Men who had originally reported being under intense emotional stress had a death rate three times greater than those who said their lives were calm and placid. The emotional distress was due to events such as serious financial trouble, feeling insecure at work or being forced out of a job, being the object of a legal action, or going through a divorce. Having had three or more of these troubles within the year before the exam was a stronger predictor of dying within the ensuing seven years than were medical indicators such as high blood pressure, high concentrations of blood triglycerides, or high serum cholesterol levels.

Yet among men who said they had a dependable web of intimacy--a wife, close friends, and the like--there was no relationship whatever between high stress levels and death rate. Having people to turn to and talk with, people who could offer solace, help and suggestions, protected them from the deadly impact of life's rigors and trauma.

The quality of relationships as well as their sheer number seems key to buffering stress. Negative relationships take their own toll. Marital arguments, for example, have a negative impact on the immune system.

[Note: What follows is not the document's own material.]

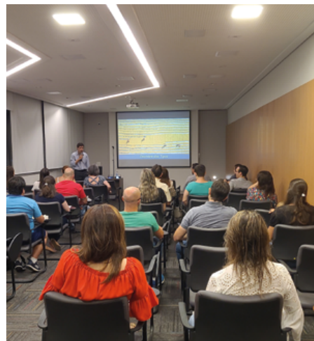
Palestras com ingressos solidários garantiram um bom nível de arrecadação ao longo do ano

Outro ponto importante que foi levado em
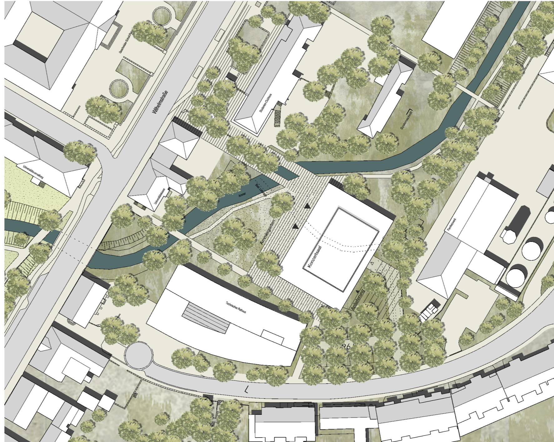
Lageplan - M 1:1000

One study of college roommates found that the more they disliked each other, the more susceptible they were to colds and the flu, and the more frequently they went to the doctors. John Cacioppo, the Ohio State University psychologist who did the roommate study, told me, "It's the most important relationships in your life, the people you see day in and day out, that seem to be crucial for your health. And the more significant the relationship is in your life, the more it matters for your health."

~ Quoted directly from Daniel Goleman's book "Emotional Intelligence; Why It Can Matter More Than IQ"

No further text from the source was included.